> [Your goal]
Every line below should come back exactly as written, though the pictures stay out.

> [Information provided]
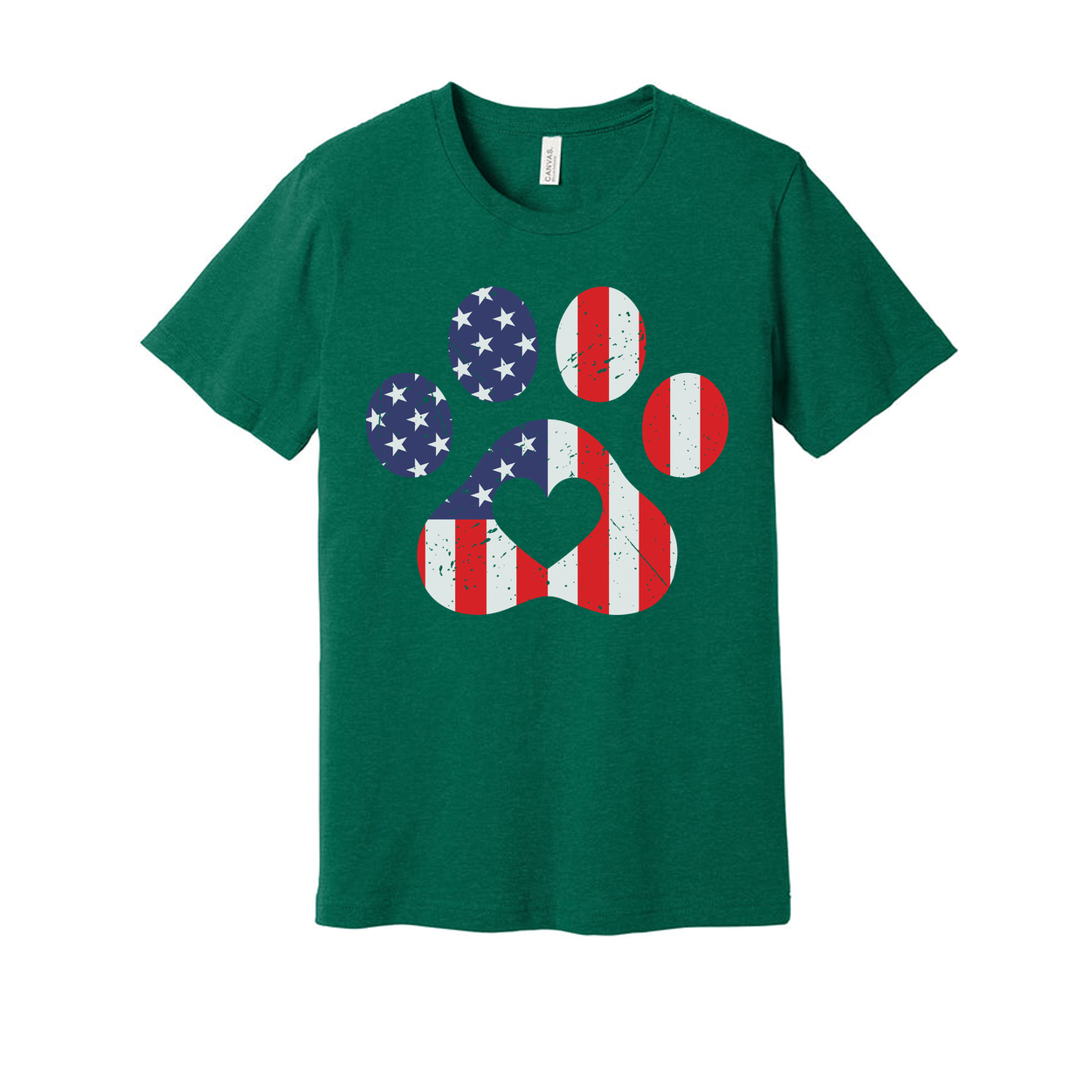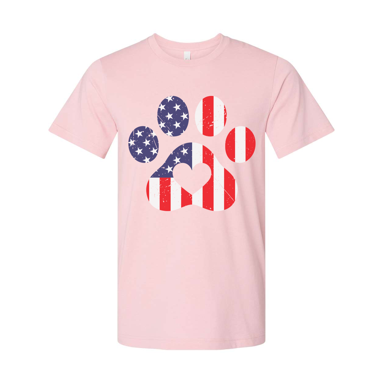 Unisex American Flag Paw Print T Shirt With Stars Stripes Pattern And Patriotic Design
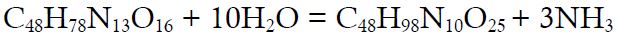 Étard chose another road for disintegrating albumins: decomposition of the albumins and glycoproteins by means of sulfuric acid. Boiling 1 kg of dry supraspinatus muscle of beef with sulfuric acid of 20%, he obtained about 1.65 kg of sugar semi-cristalloid matter (like honey), colorless and highly sweet. From an aqueous solution of this material he was able to separate albumin, having composition by weight, 52.8% carbon, 7.1% hydrogen. 16.5% nitrogen, and 23.6% oxygen, and leucine of composition 54.9% carbon, 9.9% hydrogen. 10.7% nitrogen, and 24.5% oxygen. This first result indicated that the tissue fiber, represented by C48.78.13.16, fixed 10 moles of water losing only ammonia, as per the following equation (Étard, 1900):
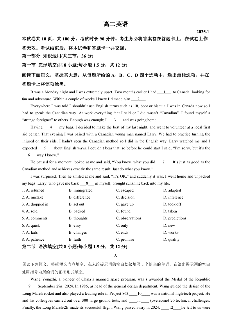 北京市东城区2024-2025学年上学期高二期末考试英语(原卷版)

> [Solution]
 Unisex American Flag Paw Print T Shirt With Stars Stripes Pattern And Patriotic Design
 Étard chose another road for disintegrating albumins: decomposition of the albumins and glycoproteins by means of sulfuric acid. Boiling 1 kg of dry supraspinatus muscle of beef with sulfuric acid of 20%, he obtained about 1.65 kg of sugar semi-cristalloid matter (like honey), colorless and highly sweet. From an aqueous solution of this material he was able to separate albumin, having composition by weight, 52.8% carbon, 7.1% hydrogen. 16.5% nitrogen, and 23.6% oxygen, and leucine of composition 54.9% carbon, 9.9% hydrogen. 10.7% nitrogen, and 24.5% oxygen. This first result indicated that the tissue fiber, represented by C48.78.13.16, fixed 10 moles of water losing only ammonia, as per the following equation (Étard, 1900):
 北京市东城区2024-2025学年上学期高二期末考试英语(原卷版)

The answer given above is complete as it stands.